Dr. Claudia Henschke, a clinical professor of radiology at Mount Sinai Medical Center and a longtime advocate for use of CT to screen for lung cancer, said the study was likely to have underestimated the benefits of CT scans because participants were screened only three times. Had the screening continued for 10 years, as many as 80 percent of lung cancer deaths could have been averted, she said. Dr. Henschke’s research has been controversial because of its statistical methods and its financing, which included money from a tobacco company. She earns royalties from makers of CT machines.
“What we also have found is that low-dose CT scan gives information on cardiovascular disease, emphysema” and other pulmonary diseases, Dr. Henschke said. “Those are the three big killers of older people. There is just tremendous potential.”
But Dr. Edward F. Patz Jr., professor of radiology at Duke who helped devise the study, said he was far from convinced that a thorough analysis would show that widespread CT screening would prove beneficial in preventing most lung cancer deaths. Dr. Patz said that the biology of lung cancer has long suggested that the size of cancerous lung tumors tells little about the stage of the disease.
“If we look at this study carefully, we may suggest that there is some benefit in high-risk individuals, but I’m not there yet,” Dr. Patz said.

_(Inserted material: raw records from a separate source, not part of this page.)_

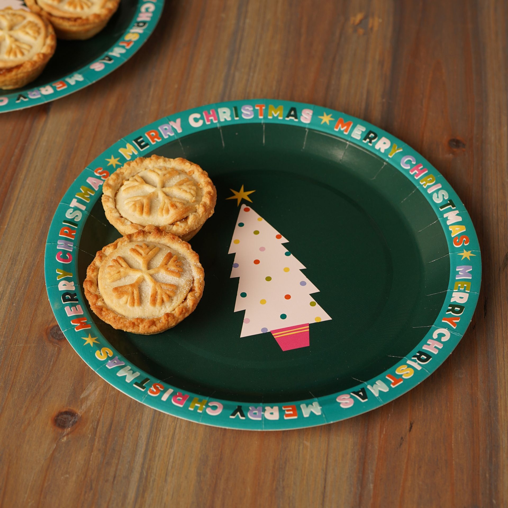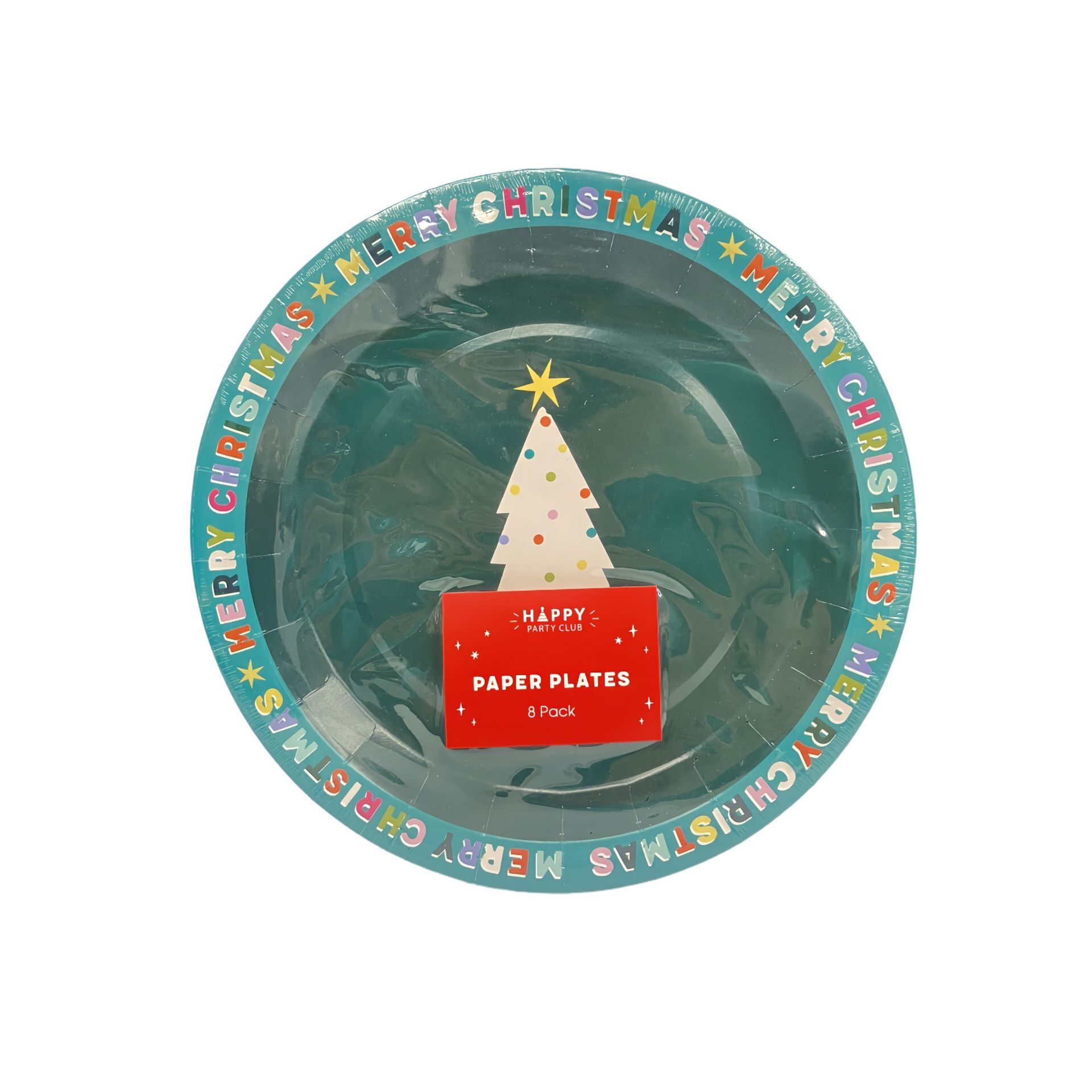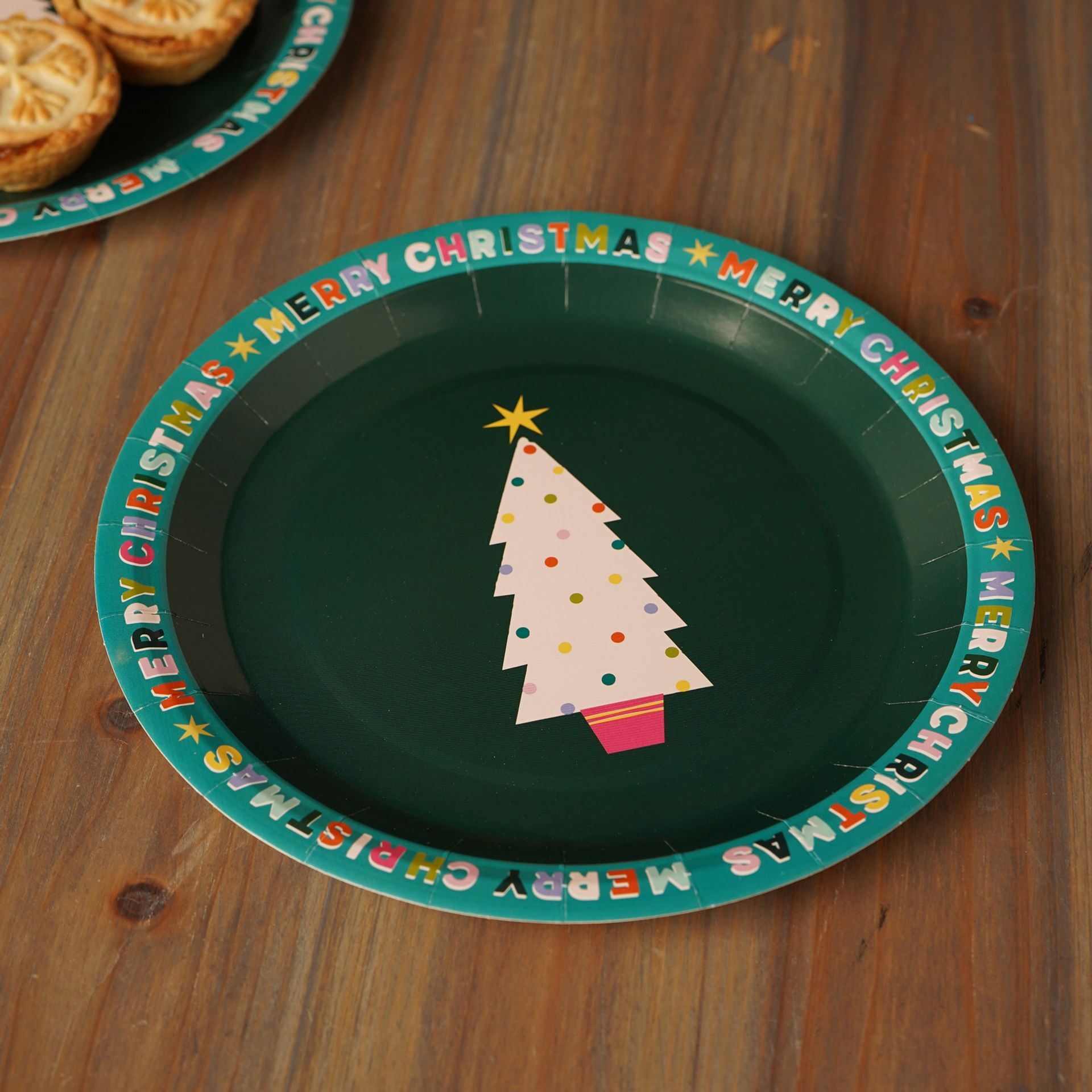 A green circular plate displays a charming Christmas tree and a "Merry Christmas" border, perfectly complementing the inner red paper plate stamped with "Happy Paper Plates". The lively colour pairing and round form deliver cheerful energy to the Christmas table.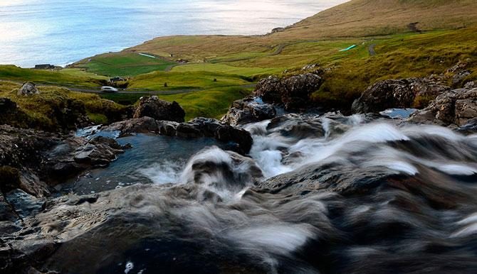 На Фарерских островах есть мелкие речушки, напоминающими горные ручьи; естественных водотоков практически нет, но достаточно много искусственных озёр и небольших болот. 13 октября 2012.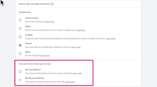 Nog meer GA4-nieuws! Zo is het straks wellicht mogelijk om in te stellen dat bepaalde gebruikers geen kosten- en opbrengstcijfers mogen zien.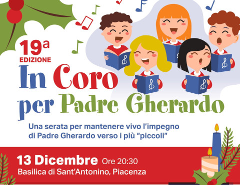 In coro per Padre Gherardo, torna venerdì 13 dicembre alle 20,30 e per la prima volta presso la Basilica di Sant’Antonino il concerto che rappresenta l’occasione per mantenere viva l’opera di Padre Gherardo per la Casa del Fanciullo. La serata prevede l’esibizione dei Piccoli Cantori, delle Voci Bianche diretti da Giorgia Maggi e dello Spirit Gospel Choir diretto da Andrea Zermani e la consegna del “Fanciullino d’oro” riconoscimento assegnato che si impegnano a raggiungere gli stessi obiettivi di Padre Gherardo.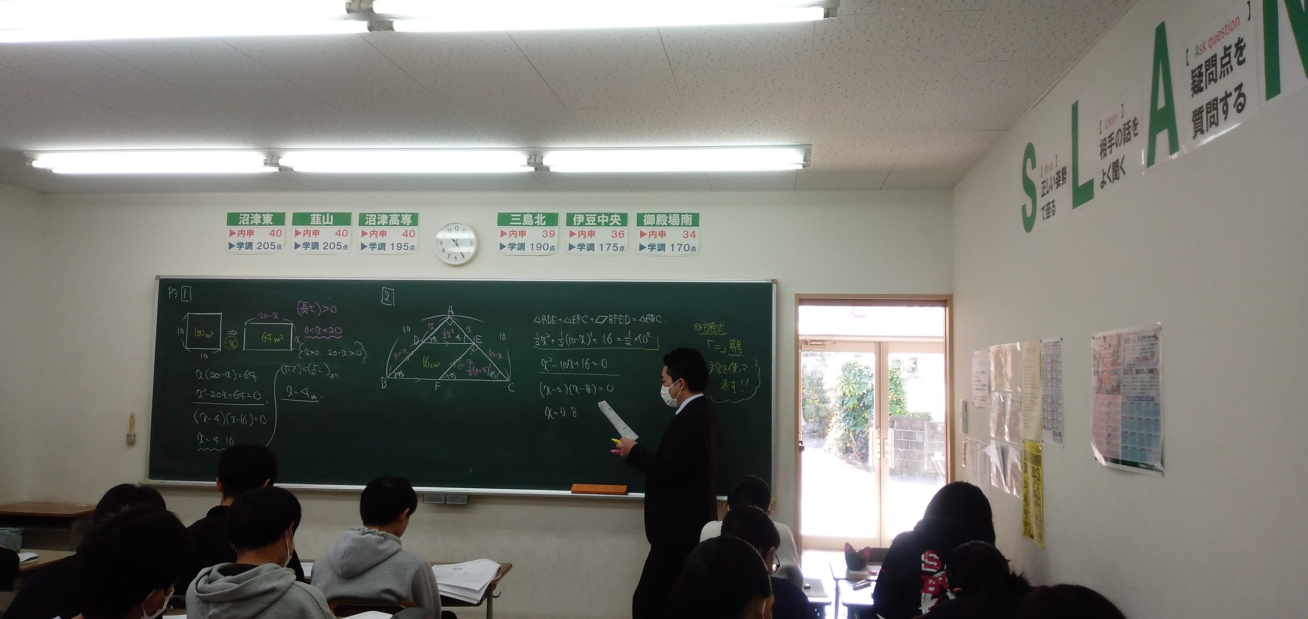 長泉校の中3生は、全員で75名。10月の模試の結果を受け、3つのクラスに分けて授業を行っています。

Since 46 million people in the United States smoke and tens of millions more once smoked, a widespread screening program could cost billions annually. Any further refinement of those most at risk could reduce those costs. Low-dose CT scans expose patients to about the same radiation levels as mammograms. Little is known about how the cumulative risks of years of such scans would balance the benefits.
The study’s results could have both legal and political consequences. Suits against tobacco companies have sought to force cigarette makers to pay for annual CT screens of former smokers. But with the science uncertain, those claims have so far been rebuffed. Congress has diverted some research money to create pilot CT lung screening programs, diversions that may gain momentum now.
Some Obama administration officials argued during the debate on the health care law that patients’ health was often harmed by getting too many tests and procedures that, if reduced, would improve health while reducing costs. This study suggests that, at least in lung cancer, spending more on tests saves lives.
Laurie Fenton, president of the Lung Cancer Alliance, which has lobbied for widespread CT lung screening, said the debate about the advisability of such scans is now over.
“The challenge now shifts from proving the efficacy of the method to developing the proper quality standards, infrastructure and guidelines to bring this needed benefit to those at high risk for the disease — now,” Ms. Fenton said. But Dr. Peter B. Bach, a pulmonologist at Memorial Sloan-Kettering Cancer Center in New York, said no one should rush out and get a CT scan yet because further analysis will better define whom the screening helped.
“Very soon we’ll have an answer about who should be screened and how frequently,” Dr. Bach said, “but we don’t have that answer today.”
Source: www.nytimes.com
Editorial comment from NYM Editors: “This review supports our contention that CT trumps Chest X-ray in screening persons at risk, such as smokers and industrial workers.”